▸ What to produce: Find the line below with "I received from" and the line with "孩童与妈妈对坐专注玩方棋游戏(央广网发 马秀莲 摄)". Output exactly those lines and everything between them, leaving out the pictures.

▸ Exercise material:
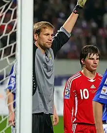 In October 2006 he saved two penalties in one match from Blackburn Rovers' Benni McCarthy and Jason Roberts to secure a 1–0 away win.[4] On 13 May 2007, Jääskeläinen received Bolton's "Player of the Year Award" and also the "Players' Player of the Year Award" after helping Bolton secure a UEFA Cup spot for only the second time in their history.[5] Despite much speculation linking him with a move away from Bolton when his contract expired following the 2007–08 season, Jääskeläinen agreed a new four-year contract on 11 June,[6] which he signed on 9 July.[7]
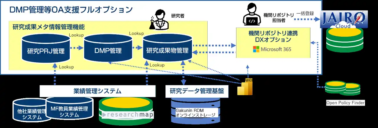 概要:MF教員業績管理システムにDMP管理機能と機関リポジトリ連携機能を付加するオプション機能 |
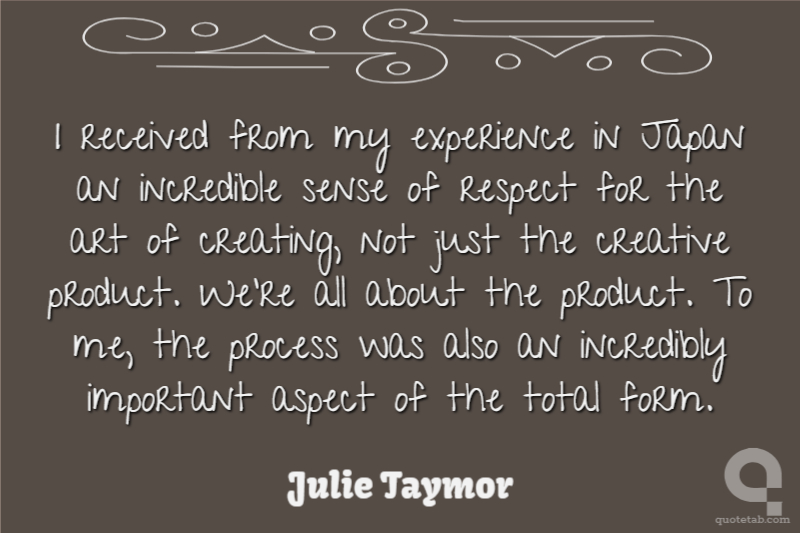 I received from my experience in Japan an incredible sense of respect for the art of creating, not just the creative product. We're all about the product. To me, the process was also an incredibly important aspect of the total form.
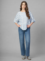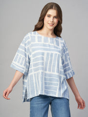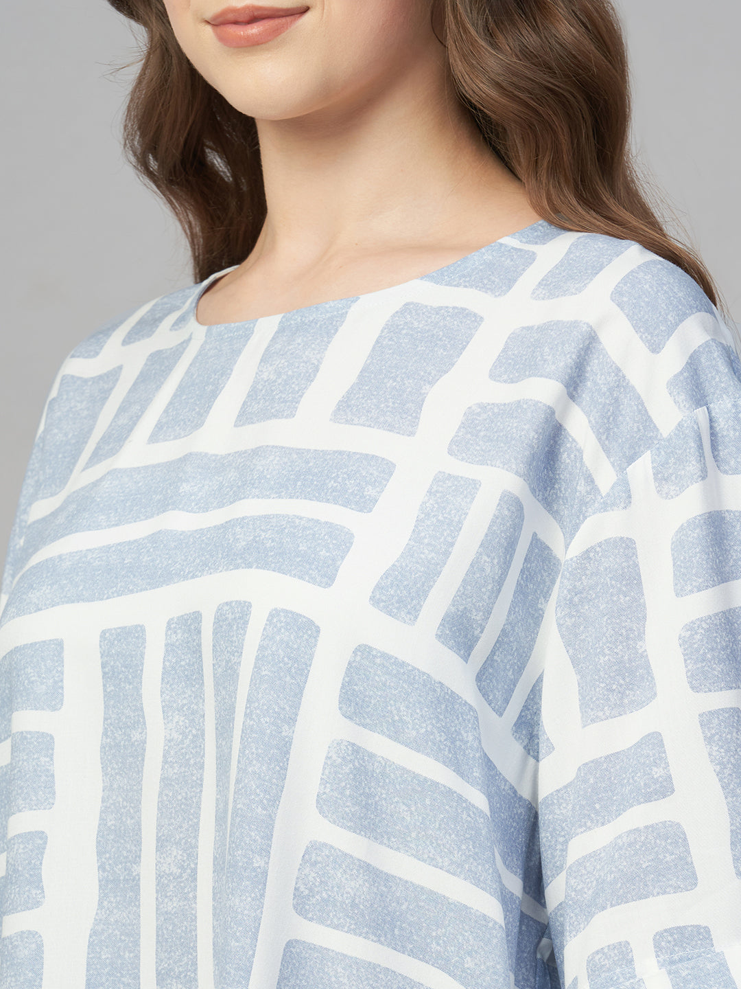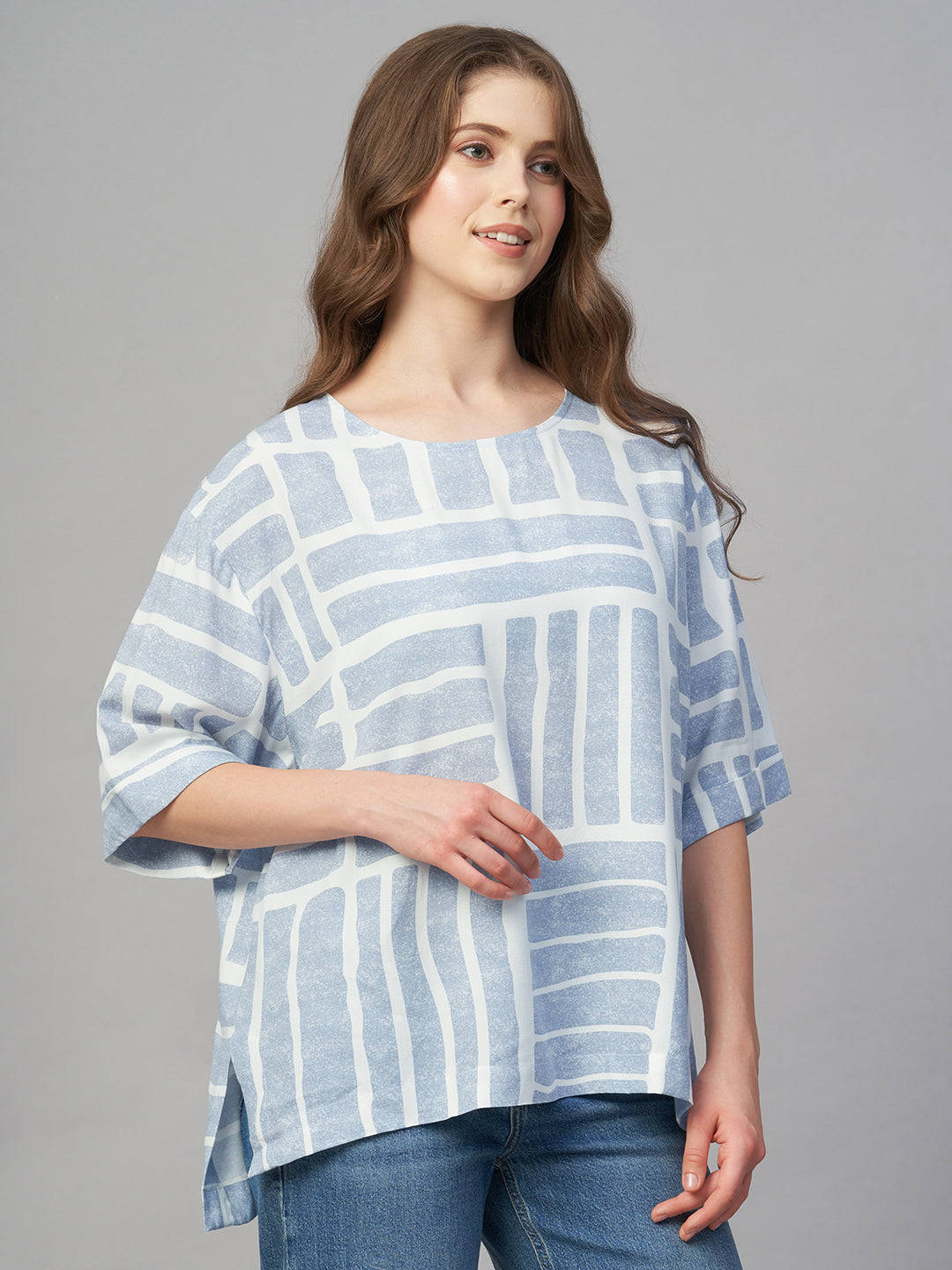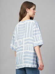 Women's Blue 100% Viscose Boxy Fit Blouse
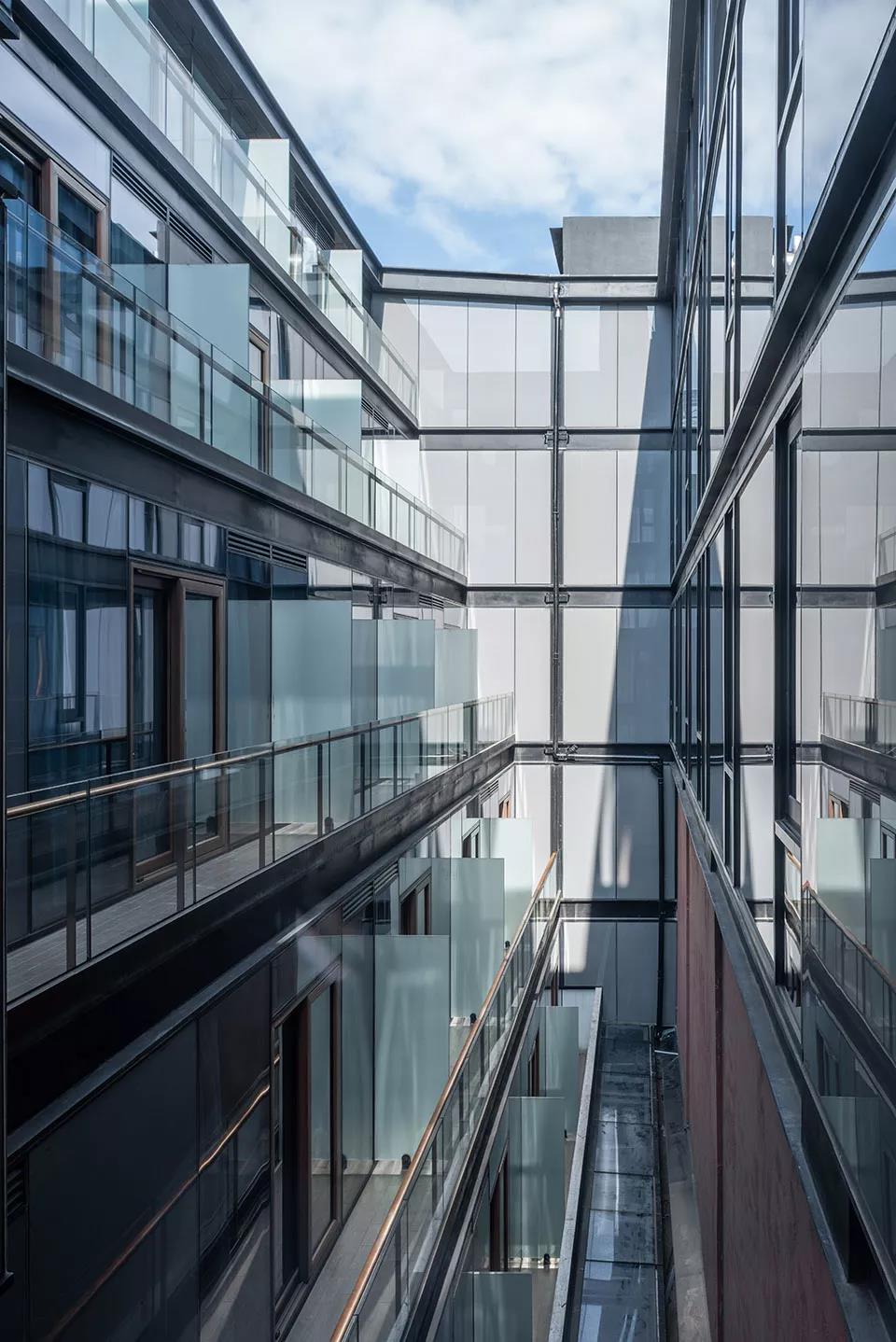 被保留的“倉”與疊加其上的“閣”并置,形成強(qiáng)烈的新舊對比。同時(shí),“倉”的局部增加了金屬雨篷、室外樓梯等新構(gòu)件,“閣”則在玻璃和金屬的基礎(chǔ)上局部使用木材等具有溫暖感和生活氣息的材料,使“倉閣”在人工與自然、工業(yè)與居住、歷史與未來之間實(shí)現(xiàn)一種復(fù)雜微妙的平衡。
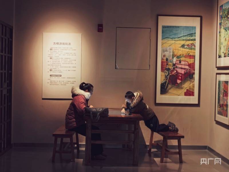孩童与妈妈对坐专注玩方棋游戏(央广网发 马秀莲 摄)
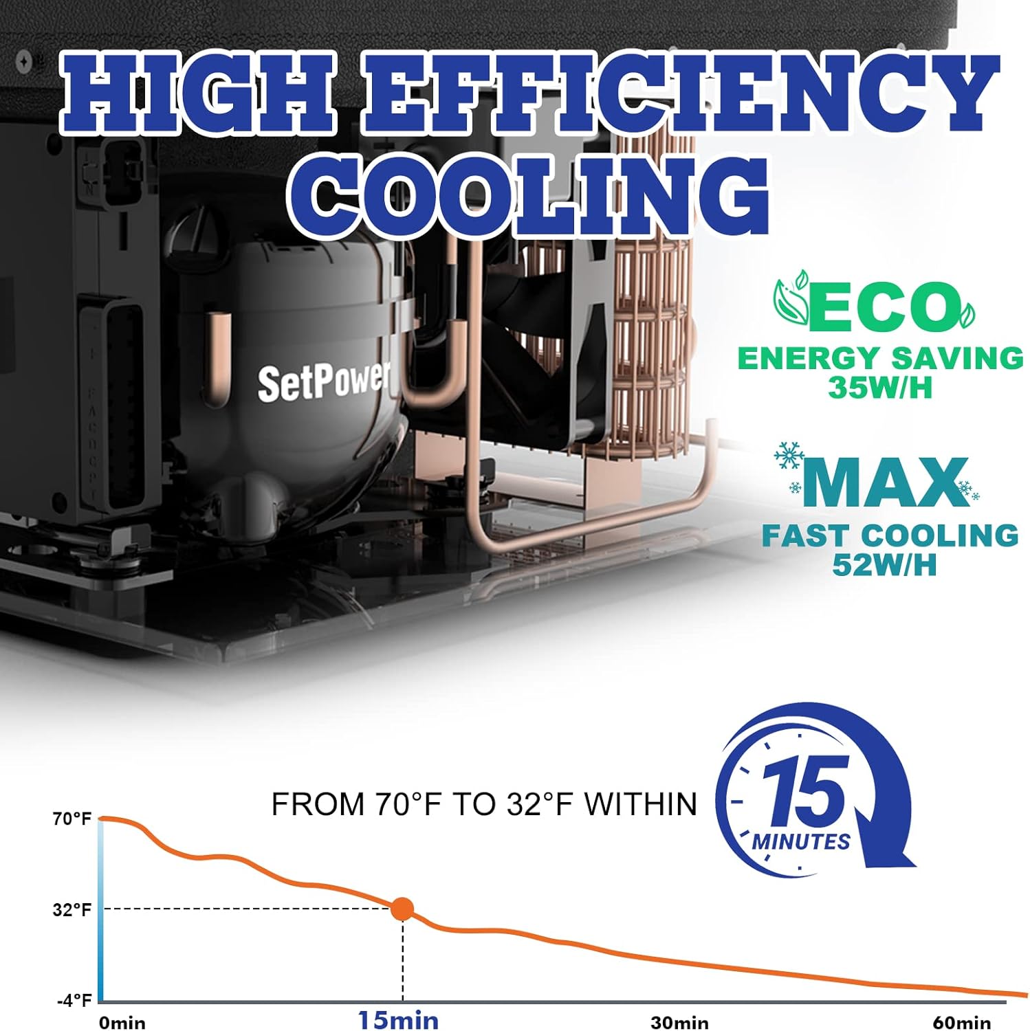 - 35W Low Power Consumption: MAX and ECO cooling modes are optional in the Setpower portable refrigerator, consuming less than 35W/H in ECO mode and less than 52W/H in MAX mode.With Setpower powerful compressor, this car refrigerator can quickly cool from 70°F to 32°F in 15 minutes; it takes about 45 minutes to reach a minimum temperature of 0°F. Designed with a metal-plastic hybrid build for secure magnetic attachment with SetPower batteries
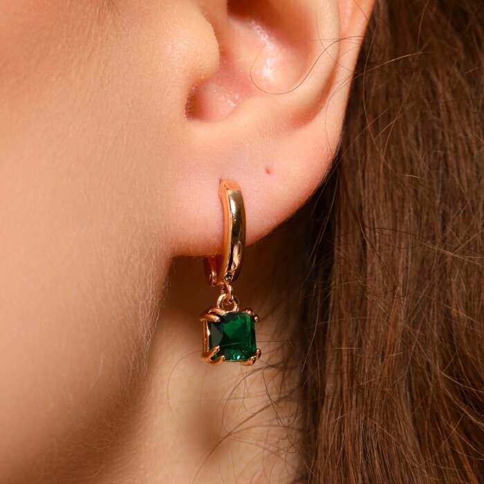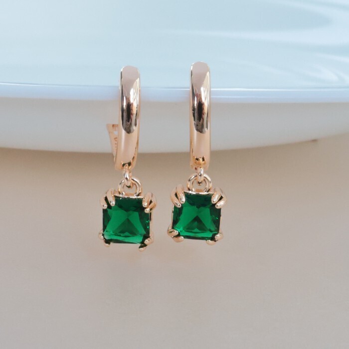 Серьги ювелирная бижутерия коллекция "Дубай" покрытие позолота, вставка: фианиты, цвет: зеленый, арт.314.341

▸ Answer section:
 I received from my experience in Japan an incredible sense of respect for the art of creating, not just the creative product. We're all about the product. To me, the process was also an incredibly important aspect of the total form.
 Women's Blue 100% Viscose Boxy Fit Blouse
 被保留的“倉”與疊加其上的“閣”并置,形成強(qiáng)烈的新舊對比。同時(shí),“倉”的局部增加了金屬雨篷、室外樓梯等新構(gòu)件,“閣”則在玻璃和金屬的基礎(chǔ)上局部使用木材等具有溫暖感和生活氣息的材料,使“倉閣”在人工與自然、工業(yè)與居住、歷史與未來之間實(shí)現(xiàn)一種復(fù)雜微妙的平衡。
孩童与妈妈对坐专注玩方棋游戏(央广网发 马秀莲 摄)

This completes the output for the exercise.